# [TO DO]
Show all lines containing "contaminación" from the data below.

# [DATA]
============
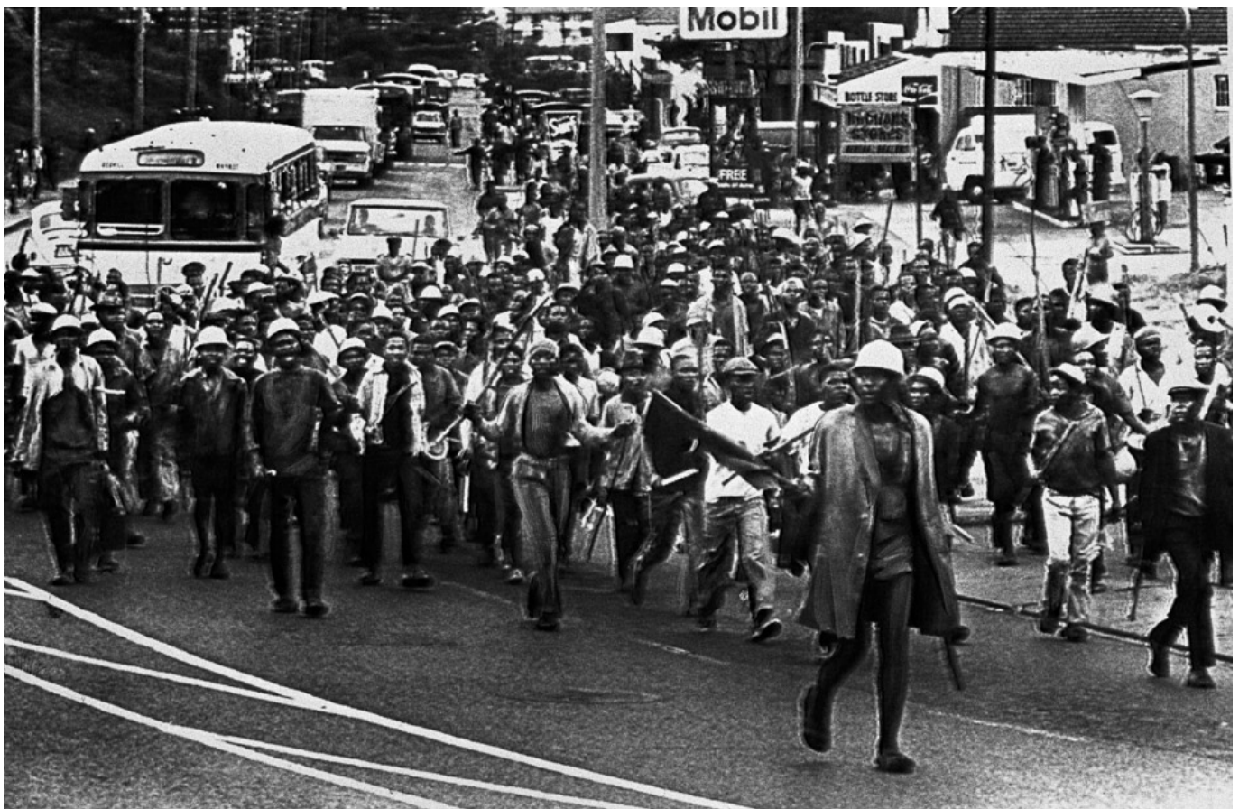
加冕砖瓦公司工人在德班北海岸路游行，一名挥舞红旗的工人领头

习惯性殖民思维让很多人误以为民主起源于欧洲，或是在古希腊（此地贡献了“democracy”一词，“demos”意为“人民”，“kratos”意为“统治”），或是通过英国1628年《权利请愿书》、法国1789年《人权和公民权宣言》等人权传统的兴起。然而这不过是欧洲殖民者的后见之明，它将古希腊挪为己用，避而不谈古希腊与北非、中东的紧密联系，利用实力使世界很多地方产生思想上的卑微感。欧洲殖民者如此这般地否定了民主变革史上的一些重要成就。我们至今仍推崇民主理论家书写的理想，却往往遗忘了那些为了建立基本尊严、反对卑劣等级制度的斗争。
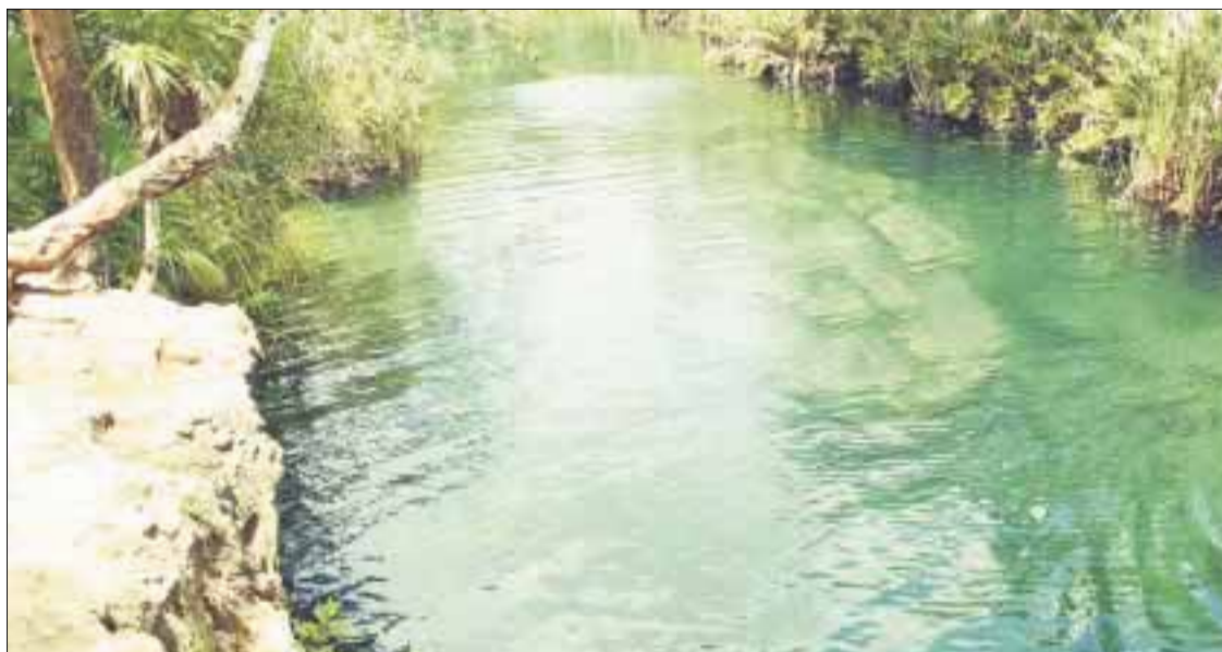
La contaminación de algunos cenotes es una realidad, como sucede con el ubicado debajo del basurero.

El artículo científico sobre la contaminación del agua, fue minimizado por las autoridades de los tres niveles de gobierno y no se han adoptado medidas precautorias para mitigar las causas de la contaminación en el acuífero
============
# [TASK SOLUTION]
La contaminación de algunos cenotes es una realidad, como sucede con el ubicado debajo del basurero.
El artículo científico sobre la contaminación del agua, fue minimizado por las autoridades de los tres niveles de gobierno y no se han adoptado medidas precautorias para mitigar las causas de la contaminación en el acuífero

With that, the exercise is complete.